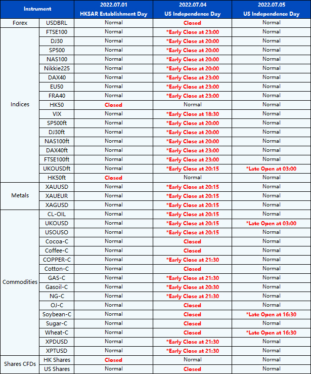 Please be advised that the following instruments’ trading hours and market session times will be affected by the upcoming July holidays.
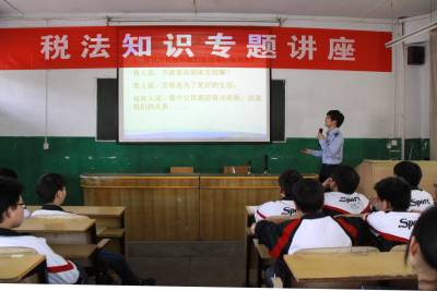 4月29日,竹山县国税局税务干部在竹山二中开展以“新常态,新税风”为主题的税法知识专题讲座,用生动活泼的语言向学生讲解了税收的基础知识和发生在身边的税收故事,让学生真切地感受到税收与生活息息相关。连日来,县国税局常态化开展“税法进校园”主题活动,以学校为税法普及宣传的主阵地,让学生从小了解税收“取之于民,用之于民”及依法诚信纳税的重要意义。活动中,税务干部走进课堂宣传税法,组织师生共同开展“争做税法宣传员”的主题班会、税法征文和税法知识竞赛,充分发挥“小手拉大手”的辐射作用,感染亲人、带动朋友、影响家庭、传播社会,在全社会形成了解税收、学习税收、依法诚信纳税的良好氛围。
* * *
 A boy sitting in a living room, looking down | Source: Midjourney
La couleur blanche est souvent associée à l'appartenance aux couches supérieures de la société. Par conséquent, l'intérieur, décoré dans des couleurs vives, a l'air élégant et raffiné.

THE PROBLEM: The response should hold exactly the lines starting at the line with "A boy sitting" and ending at the line with "La couleur blanche", and no other line of the material above.

SOLUTION FOR THIS PROBLEM:
 A boy sitting in a living room, looking down | Source: Midjourney
La couleur blanche est souvent associée à l'appartenance aux couches supérieures de la société. Par conséquent, l'intérieur, décoré dans des couleurs vives, a l'air élégant et raffiné.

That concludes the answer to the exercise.